The new reduce-counts
procedure returns whatever has been placed in the accumulator when the input is the empty list, otherwise the tag of the first count is saved and used to create the k-tag?
predicate, which is then used with filter
to create a list of matching counts and a list of the remaining counts with all matching counts removed. The list of matching counts is combined into a single count with combine-like-counts
and added to the accumulator, which is passed along with remaining
recursively to reduce-counts
.
This works as before, although the ordering has changed:
reduce-counts.rkt> (define test-counts '(("cry" 1) ("racket" 2) ("cry" 3) ("play" 4) ("racket" 5) ("play" 6) ("racket" 7)))
reduce-counts.rkt> (reduce-counts test-counts)

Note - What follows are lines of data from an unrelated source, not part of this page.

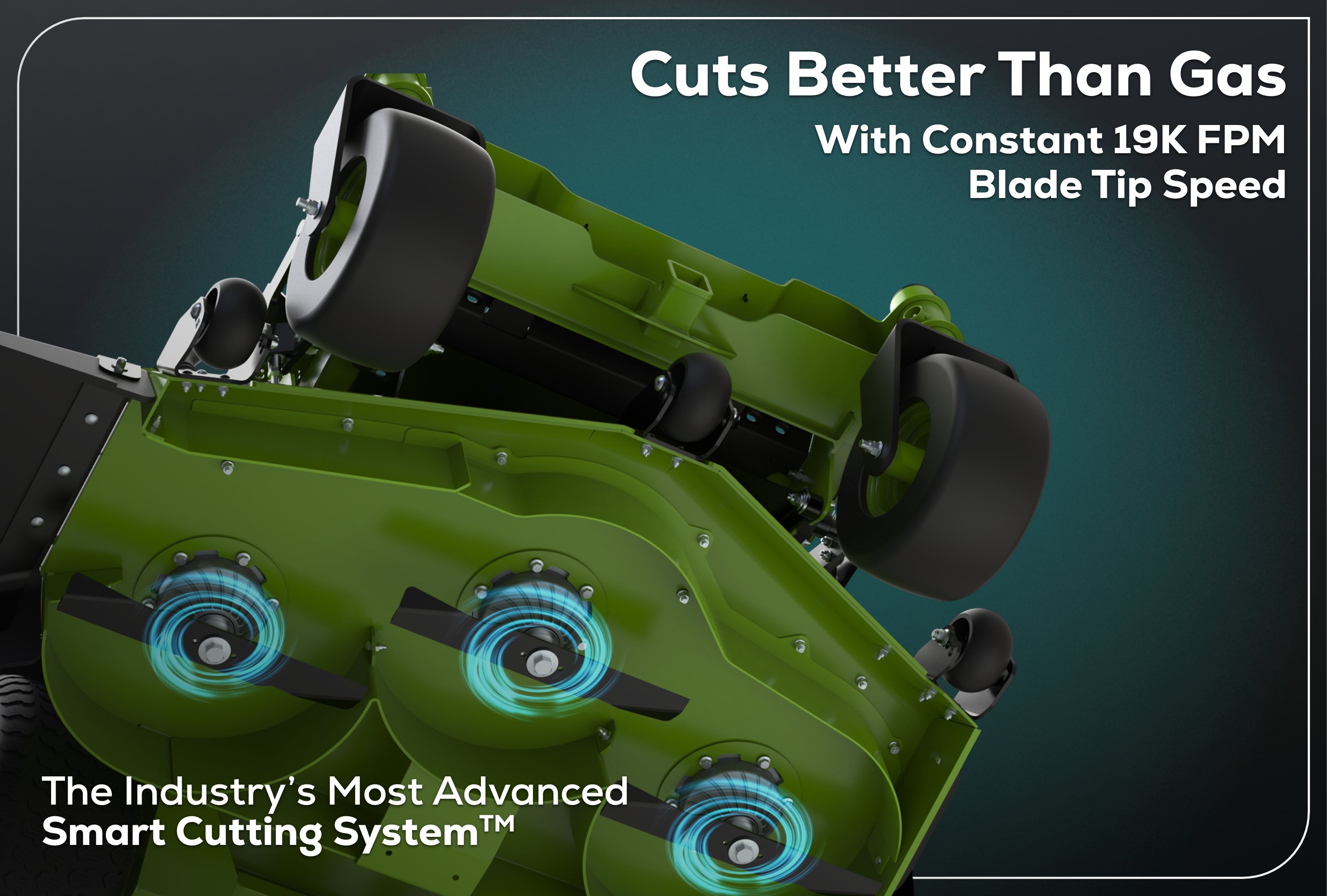 Optimized to provide all-day cutting up to 8 hours and up to 21 acres of mowing on a single charge, this ultra-high-performance zero-turn mower is powered by the 82v high voltage MEGA 24K battery that delivers industry leading equivalent power of a 65HP gas engine to confidently tackle the most demanding commercial applications. It is capable of achieving and sustaining a constant 19K FPM blade tip speed to never slow or bog down under heavy or wet grass conditions.
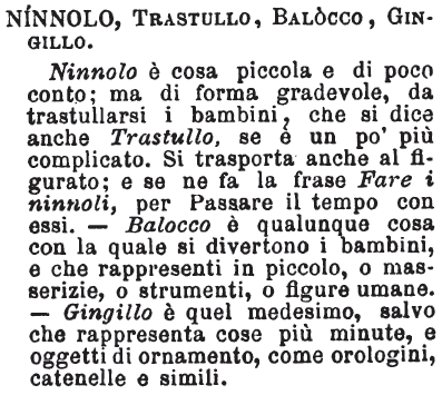 Ninnolo, Trastullo, Balocco, Gingillo - Ninnolo è cosa piccola e di poco conto; ma di forma gradevole, da trastullarsi i bambini, che si dice anche Trastullo, se è un po' più complicato. Si trasporta anche al figurato; e se ne fa la frase Fare i ninnoli, per Passare il tempo con essi. - Balocco è qualunque cosa con la quale si divertono i bambini, e che rappresenti in piccolo, o masserizie, o strumenti, o figure umane. - Gingillo è quel medesimo, salvo che rappresenta cose più minute, e oggetti di ornamento, come orologini, catenelle e simili. [immagine]
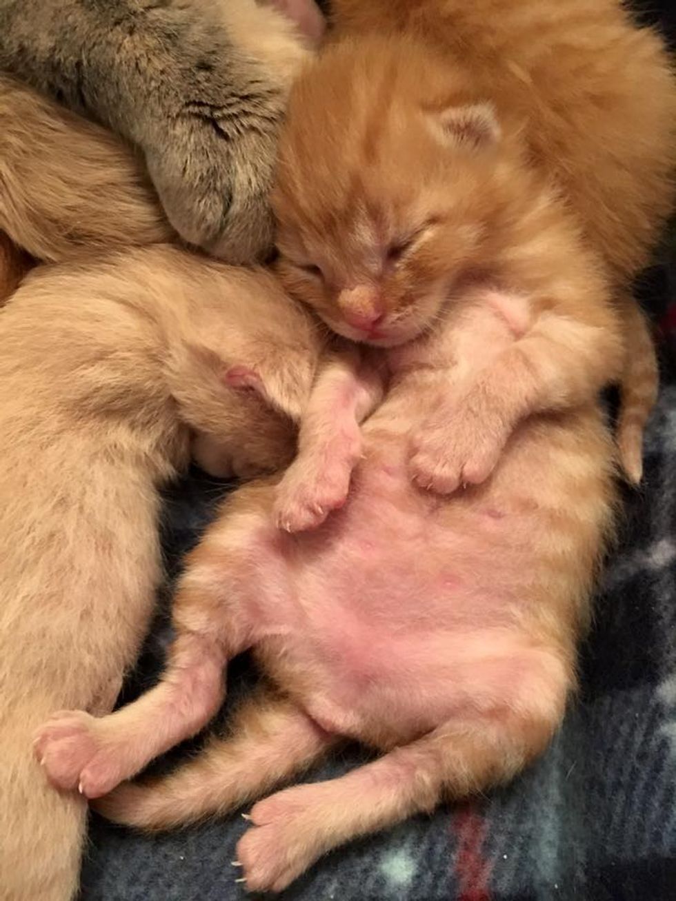 "One morning, we went to run errands. We were only gone 2 hours and came home and found Nala had had 6 kittens. They were all very tiny, especially the only girl. The little girl only weighed 2 1/2 oz. Nala had 3 buff kittens and 3 Orange kittens. We watched the babies very closely the first few days, weighing them every day. Much to everyone's relief all 6 kittens are steadily gaining weight."

'(("play" 10) ("racket" 14) ("cry" 4))
I would suspect that these two implementations would have different performance characteristics depending on the particulars of their input data. My hunch is that the second would fare better for large input that contained large quantities of each tag, but the real answer would come from testing on some representative data samples.
If you are really concerned about performance for large amounts of data, you might consider converting the data to a hash table and using some of the built-in dictionary procedures to arrive at a similar solution.